I give her an academy-award-winning look of boredom. “Rhymes with frost maws.” She turns and heads out the door.

“Harsh, man,” the chop shop guy says.

“It’s no favor to hang a person slowly,” I say.

Arnold shows up at around seven. He’s got lawyers on the project of getting me out, but it’s not so easy, considering the judges have all gone home for the weekend. Apparently, even my expensive lawyers are having trouble with that one.

“The good news is that Charley has connections across the city,” he says. “It’s three in the morning in London—”

“No,” I say. “No way. We don’t need Charley. I won’t go begging to Charley, hat in hand. I’d rather spend the night in lockup.”

Arnold says, “He’d want to help you. Charley has always admired you.”

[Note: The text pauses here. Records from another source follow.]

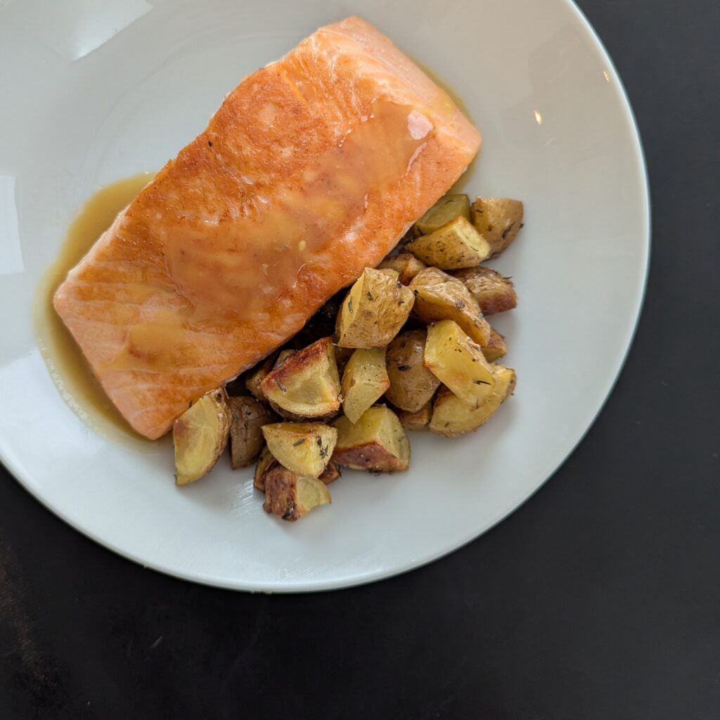 With three simple ingredients, it’s easy to throw together a quick dinner with elevated flavor. This maple dijon sauce over grilled salmon and rosemary potatoes, is a family favorite. It’s sweet and savory, with a fresh kick of ginger.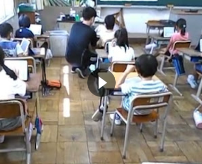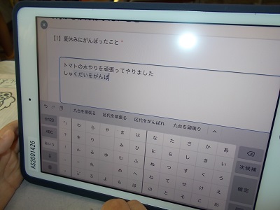 タブレットに入っているロイロノートというアプリを使って、2年生の子どもたちが夏休みにがんばったことをまとめていました。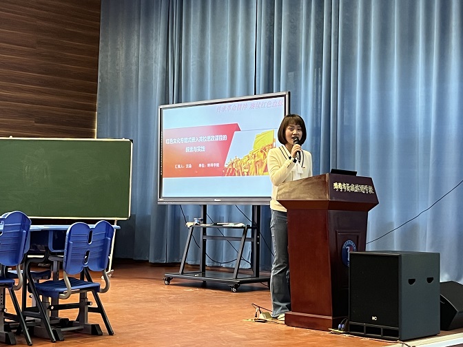 随后,来自蚌山区中小学的三位优秀教师分别进行了思政课现场教学和音乐思政课展示。汪淼老师以《红色文化专题式嵌入高校思政课程的探索与实践》为题进行了说课展示。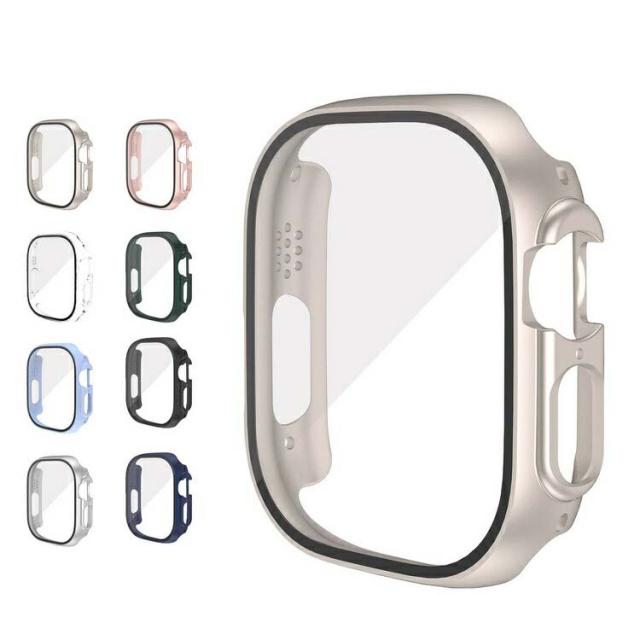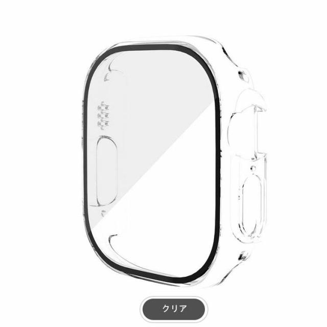 Apple Watch Ultra 2/1 ケース カバー 49mm 強化ガラス(ガラスフィルム)付き 全面保護 液晶保護ケース アップルウォッチ ウルトラ2/1 フィルム一体 ハードケース 単色/クリア 強化ガラス付き

“I’ve always done my best to break him of that. Sometimes dreams do come true, you know.” I wipe an invisible speck off the suit jacket Jada helped me choose this morning. A lifetime ago.

“Jaxon, you were just getting a new lease on life. You were with that lovely girl, and working together on a project that was close to your heart with the work family of yours—”

“Quite the tale of tragedy, I know. As a matter of fact, Jada stopped by earlier. God knows why, but it won’t be happening again. Turns out the new lease on life had a few loopholes. Like the loophole that I didn’t want it.”

“What have you done?” he asks.

“What have I done? She doesn’t understand how I am.” How I’ve always been. How I have to be. “I set the record straight, and she walked away.” Even as I say it, I feel this twist in my gut. I wish I’d never come to America. Why did I come? The siren song of the butt-dialer, I suppose.

Arnold presses me for details. The guard is busy with other people and I’m bored, so I fill him in. Arnold and I have been talking more recently, relating more on a human level than an employer-employee level, and I’m not sure how to put that particular genie back in the bottle. He probably thinks I’ve changed or something. Jada’s not the only one who could do with a better grasp on the reality of the situation, I suppose.

“That girl believes in you,” he says. “She does—I saw it. She’s smitten with you, and if you forgive me for speaking bluntly, you need to pull your head out of your ass.”

I blink. “This new tough love bit. Not a fan.” Turning away from him, I go back and sit down. “I don’t want to stay the weekend. Let’s get the lawyers believing in that one.”

As it turns out, I do end up staying for a good part of the weekend. It’s not until Sunday afternoon that Soto manages to place the right amount of money in the right hands to get me in front of a judge who releases me on my own recognizance.